(Material supplied Opens)

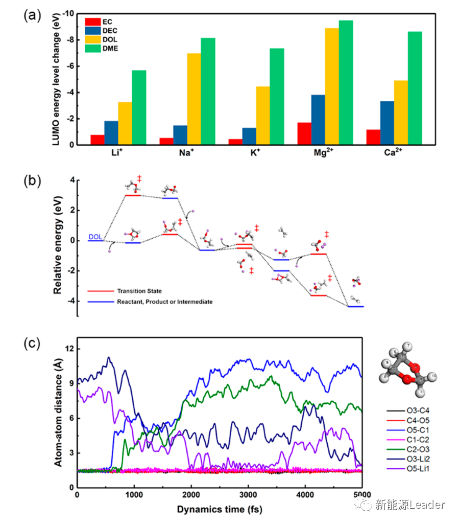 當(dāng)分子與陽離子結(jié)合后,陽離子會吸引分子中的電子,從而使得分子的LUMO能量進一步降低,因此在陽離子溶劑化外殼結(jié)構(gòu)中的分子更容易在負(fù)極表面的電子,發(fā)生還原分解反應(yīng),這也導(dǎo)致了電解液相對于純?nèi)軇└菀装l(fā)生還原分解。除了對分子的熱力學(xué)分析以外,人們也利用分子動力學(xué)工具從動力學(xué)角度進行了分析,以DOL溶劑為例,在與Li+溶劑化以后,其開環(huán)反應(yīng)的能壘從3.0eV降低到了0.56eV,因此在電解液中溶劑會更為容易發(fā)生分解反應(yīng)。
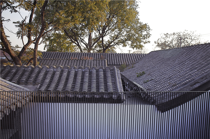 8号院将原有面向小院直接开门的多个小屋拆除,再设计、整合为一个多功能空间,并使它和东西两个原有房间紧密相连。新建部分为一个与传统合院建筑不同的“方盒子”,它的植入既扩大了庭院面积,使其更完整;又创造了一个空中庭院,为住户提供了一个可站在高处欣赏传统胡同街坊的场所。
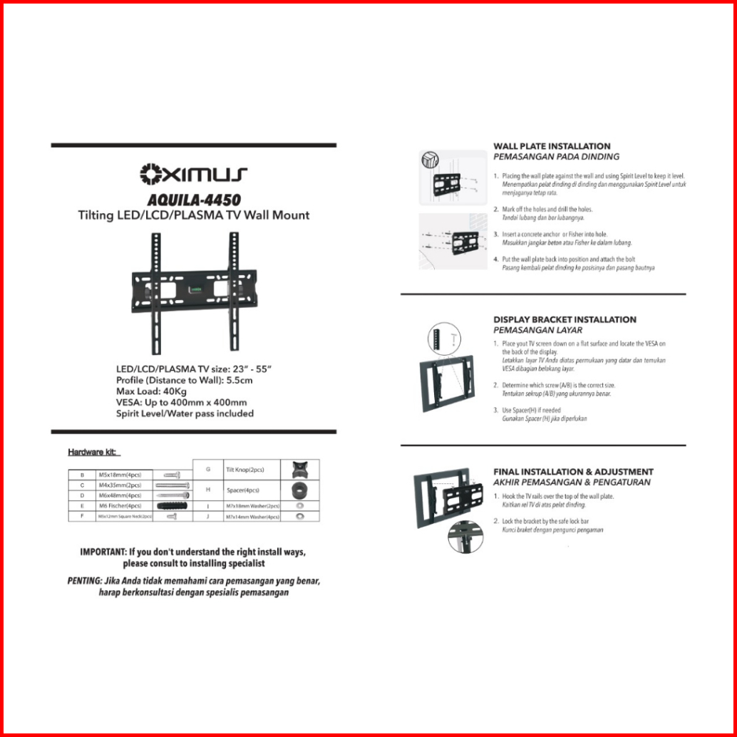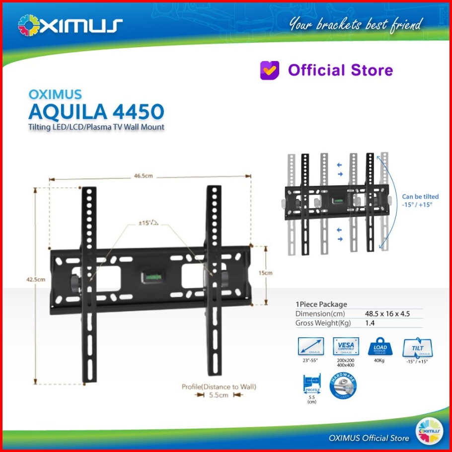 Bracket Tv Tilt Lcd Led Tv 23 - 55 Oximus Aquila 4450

(Material supplied Closes)
(Material supplied Opens)

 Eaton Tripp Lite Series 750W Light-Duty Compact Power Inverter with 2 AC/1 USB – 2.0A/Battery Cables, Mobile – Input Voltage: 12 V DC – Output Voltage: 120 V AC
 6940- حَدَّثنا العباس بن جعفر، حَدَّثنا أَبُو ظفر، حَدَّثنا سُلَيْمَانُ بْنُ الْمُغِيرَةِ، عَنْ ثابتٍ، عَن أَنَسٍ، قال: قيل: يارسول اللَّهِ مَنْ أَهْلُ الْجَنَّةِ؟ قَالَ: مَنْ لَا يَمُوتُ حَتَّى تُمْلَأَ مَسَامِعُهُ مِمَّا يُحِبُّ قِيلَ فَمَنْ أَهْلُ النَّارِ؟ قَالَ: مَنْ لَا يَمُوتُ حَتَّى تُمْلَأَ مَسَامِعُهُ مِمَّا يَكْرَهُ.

(Material supplied Closes)

▸ **What this task involves**
Only the lines above from the one with "當(dāng)分子與陽離子結" to the one with "Bracket Tv Tilt" should be printed, both included and exactly as written; no picture belongs in the copy.

▸ **Answer space**
 當(dāng)分子與陽離子結(jié)合后,陽離子會吸引分子中的電子,從而使得分子的LUMO能量進一步降低,因此在陽離子溶劑化外殼結(jié)構(gòu)中的分子更容易在負(fù)極表面的電子,發(fā)生還原分解反應(yīng),這也導(dǎo)致了電解液相對于純?nèi)軇└菀装l(fā)生還原分解。除了對分子的熱力學(xué)分析以外,人們也利用分子動力學(xué)工具從動力學(xué)角度進行了分析,以DOL溶劑為例,在與Li+溶劑化以后,其開環(huán)反應(yīng)的能壘從3.0eV降低到了0.56eV,因此在電解液中溶劑會更為容易發(fā)生分解反應(yīng)。
 8号院将原有面向小院直接开门的多个小屋拆除,再设计、整合为一个多功能空间,并使它和东西两个原有房间紧密相连。新建部分为一个与传统合院建筑不同的“方盒子”,它的植入既扩大了庭院面积,使其更完整;又创造了一个空中庭院,为住户提供了一个可站在高处欣赏传统胡同街坊的场所。
 Bracket Tv Tilt Lcd Led Tv 23 - 55 Oximus Aquila 4450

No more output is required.